Sacramento County district attorney Anne Marie Schubert claimed that “rogue prosecutors” in California have been incentivizing offenders to perpetrate crimes with their relaxed penalty policies.
“This is just yet another example of the chaos that we’re seeing here in California and the violence,” Sacramento County DA Anne Marie Schubert told Fox & Friends on Friday. “And it’s not just that, it’s the fact that we’ve got a tsunami of poor public policies, and you’ve got rogue prosecutors that are not holding people accountable to the fullest extent of the law that we can.”
Progressive prosecutors in major cities have come under fire recently for passing policies that seem likely to embolden criminals even as violence and crime rates mount.
Schubert specifically targeted Los Angeles prosecutor George Gascon and San Francisco prosecutor Chesa Boudin. She said their tough-on-crime posturing is a façade, backed mostly by rhetoric rather than action.
“When they try to talk tough, it’s really just a show because when you actually follow them through with those cases, what we’re seeing is that they’re really not being tough on crime, they’re not holding people accountable,” she added.

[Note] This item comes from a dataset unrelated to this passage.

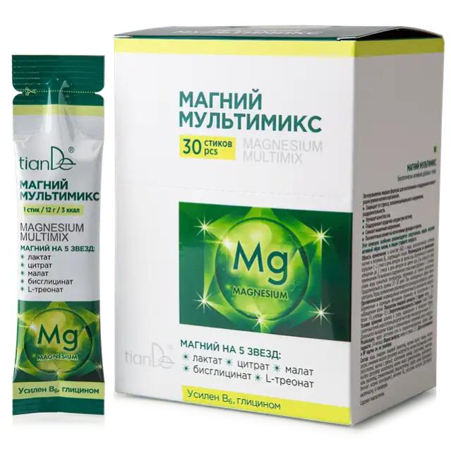 «Магний мультимикс» от корпорации TianDe оптимально сочетает в себе сразу пять видов магния (лактат, цитрат, малат, бисглицинат, L-треонат), в том числе в биодоступной хелатной форме, обеспечивая эффективную поддержку организма. Мультисостав, усиленный витамином В6 и глицином:

She slammed Gascon for enacting rules that let offenders back onto the streets within a certain time window regardless of whether they committed felonies or more minor crimes.
“So for instance, in Los Angeles, you’ve got a district attorney who acts like he wants to hold people accountable, yet he won’t file things like special circumstances. He thinks people should get out of prison after 15 years, no matter what they’ve done. You’ve got murderers in prison that are toasting Gascon, celebrating that they’re going to get out of prison early. So these are the types of things that these policies, these prosecutors are doing. We are emboldening criminals to really commit even more crime,” Schubert said.
She said California citizens are growing weary of the rampant crime, between the organized shoplifting heists, follow-home robberies, stabbing incidents, and a general dramatic spike in homicides. They need to demand leadership that will enforce rule of law and foster safe communities, she said.
On the other coast in New York City, Manhattan’s new progressive district attorney Alvin Bragg received a lot of heat recently for arguing in a memo to his office that the “decriminalization/non prosecution” of crimes, such as resisting arrest and interfering with an arrest and prostitution, “will make us safer.”
He later backtracked on his statement, apologizing for any confusion it may have caused and clarifying that all robberies involving a gun will be prosecuted as a felony in the city.